Das Klavier auf dem Schillerstein

Cover: Das Klavier auf dem Schillerstein
Nimbus Verlag, Wädenswil 2017
ISBN 9783038500353
Kartoniert, 96 Seiten, 19,80 EUR

Klappentext

Elf Texte aus den Jahren 1989 bis 2016 versammelt der Band, und bereits die Titelgeschichte "Das Klavier auf dem Schillerstein" signalisiert, was alles geschehen kann, wenn die Kräfte der Phantasie zu wirken beginnen. Dies um so mehr, als Gertrud Leutenegger im vorliegenden Band aus kleinen Alltagssituationen heraus die Ahnenreihe ihrer literarischen und künstlerischen Anregungsfiguren erstehen lässt. Der Besuch bei einem alten italienischen Augenarzt führt zu einer Begegnung mit Kleists "Marquise von O..."; aus der stockdunklen Nacht eines Tessiner Tals bei Stromausfall entwickelt sich eine Unterhaltung mit Novalis; die Erinnerung an die kindliche Faszination für die Verpackung von Zwieback Hug führt zu Viscontis legendärer "Gattopardo"-Verfilmung. Autorenkollegen wie Gerhard Meier und Giovanni Orelli erlebt man als Reisebegleiter in Österreich oder China, während aus der Landschaft des Genfersees die archaische Familiensaga von Catherine Colomb wieder lebendig wird.
Dazwischen stehen Huldigungen an Dinge, Erlebnisse und Stimmungen, deren scheinbare Alltäglichkeit in Wahrheit Residuen der Poesie sind: kühle Treppenhäuser in der Tessiner Sommerhitze, morgen- und abendliche Pendlerbusfahrten in entlegene Täler oder die plötzliche Erinnerung an eine der ersten selbstgekauften Schallplatten. Am Ende fährt die Erzählerin auf den Furkapass, wo mit lächerlichen weißen Tüchern verzweifelt versucht wird, das Abschmelzen der Gletscher zu verhindern, während zugleich ein innerer Film in ihr abläuft: Wie einst Rimbaud im Winter den Gotthard überquerte - bis unter die Achseln im Schnee versinkend und der weißen Hölle nur mit knapper Not entrinnend.
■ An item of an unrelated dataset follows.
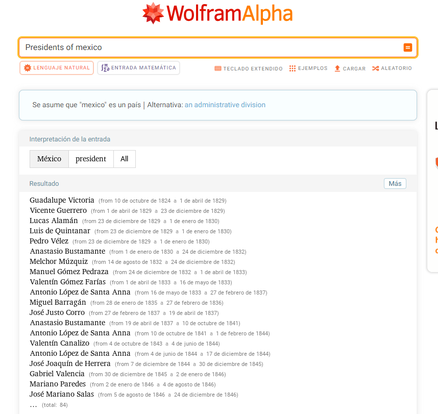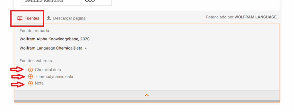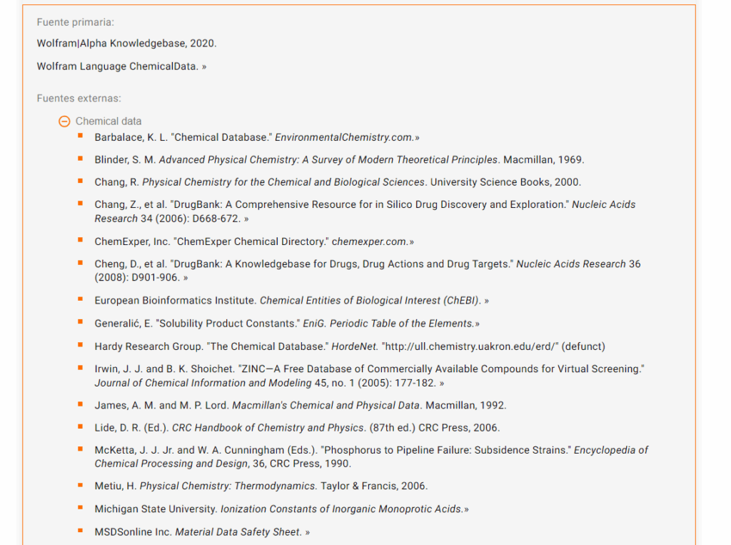 Extra: Al generar una búsqueda y obtener el resultado, podemos consultar las fuentes donde Wolfram Alpha obtuvo la información.

Rezensionsnotiz zu Neue Zürcher Zeitung, 20.09.2017

Fast scheint es als würde Rezensent Paul Jandl seine offensichtliche Begeisterung für Gertrud Leuteneggers neuen Prosaband ein wenig dämpfen, um mit seinem Jubel nicht die wohltuende und geheimnisvolle Ruhe, die von der Literatur Leuteneggers ausgeht und von der er sich selbst erfasst fühlt, zu stören. "Atmosphärisch" nennt er die Prosastücke Leuteneggers, die diese zu verschiedenen Anlässen geschrieben hat und die doch Entscheidendes verbindet: eine hohe gedankliche Flexibilität, ein enormes sprachliches Feingefühl und eine Tiefe, die von "der Gegenwart des Schreibens" in bis in die Vergangenheiten reicht, erklärt der Rezensent. Leutenegger tut das in seinen Augen auf so einfühlsame, so geschickte Weise, dass es ihm im Nachhinein erscheint, als wären es die eigenen Erinnerungen, die er gerade gelesen hat. Das kann nur "wirkliche Literatur", ist sich der Rezensent sicher.